Однажды летним вечером, дома, я внимательно рассматривал своих сестер. Генни было тогда шестнадцать лет. Кудрявые волосы обрамляли ее лицо. Она была задумчива и любила природу. Генни мечтала об эмиграции в Палестину. Иврит, распорядился мой отец восемь лет назад. Напротив Генни сидела Дитта, с круглым лицом и волнистыми каштановыми волосами. Ей было десять. Казалось, она купается в своей невинности: болтушка, не интересующаяся политикой, любящая животных и с неудержимым энтузиазмом относящаяся к жизни.

Когда умер наш отец, Дитта была младенцем. В возрасте пяти лет Израильское общество по делам образования и религии (Israelitische Kultusgemeinde) устроило ее в сиротский дом, где она могла жить в рабочие дни недели. После смерти отца мы остались полусиротами, и проживание Дитты в доме для сирот помогло маме в тяжелые финансовые времена.

Дом для сирот находился в районе Дёблинг, на другой стороне Дунайского канала. По пятницам после обеда мы с мамой и Генни забирали Дитту, и она проводила выходные дни дома. Иногда я ходил за ней один, и тогда мы по пути домой покупали мороженое.

— Ванильное, — заказывала она с большой охотой.

— Лимонное и малиновое, — говорил я и радовался, что так легко сделать ее счастливой.

По воскресеньям мы все вместе провожали Дитту назад в сиротский дом. Это была маленькая прогулка в красивый район Дёблинг с элегантными старыми домами.

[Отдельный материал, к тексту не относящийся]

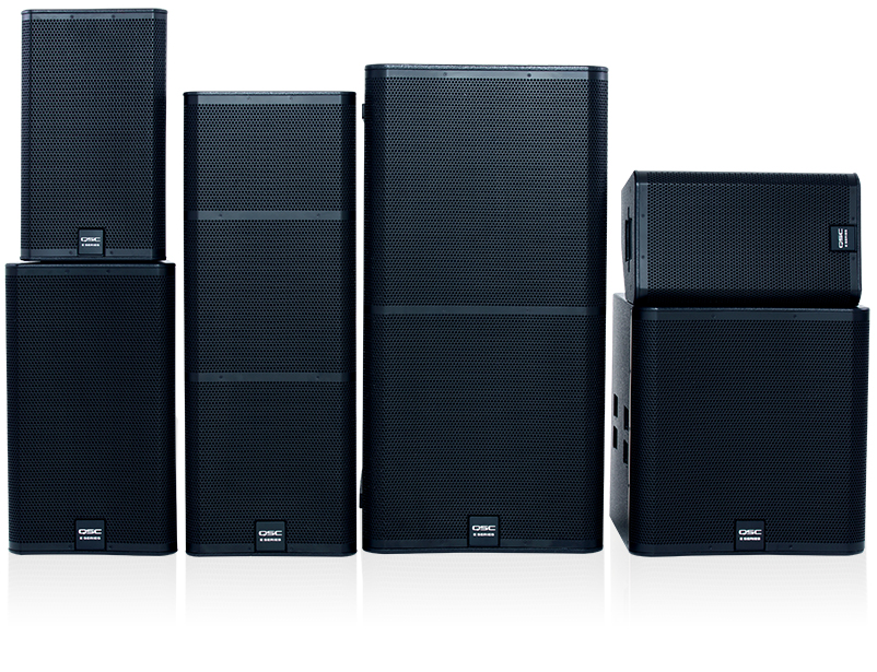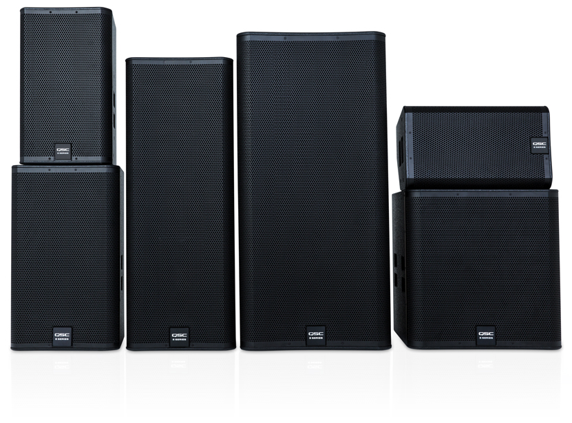 Stacked image of the E Series family of loudspeakers.

— Ты должен бежать, — сказала мама, когда мы сидели за нашим маленьким столом и ужинали.

Я резко отказался.

— Вспомни Гохманов, которые получили по почте прах, — убеждала она. — Посмотри на соседа, которого истязали коричневорубашечники. Вспомни людей, стоящих на коленях на улицах. Может быть, однажды ночью и в нашу дверь постучат.

Она приводила столько аргументов, что почва стала медленно уходить из-под моих ног.

Всего за несколько дней до прихода Гитлера мы с друзьями играли в футбол. Но теперь, когда они видели меня, они плевали мне вслед и кричали: «Saujude!» — «Жид пархатый!»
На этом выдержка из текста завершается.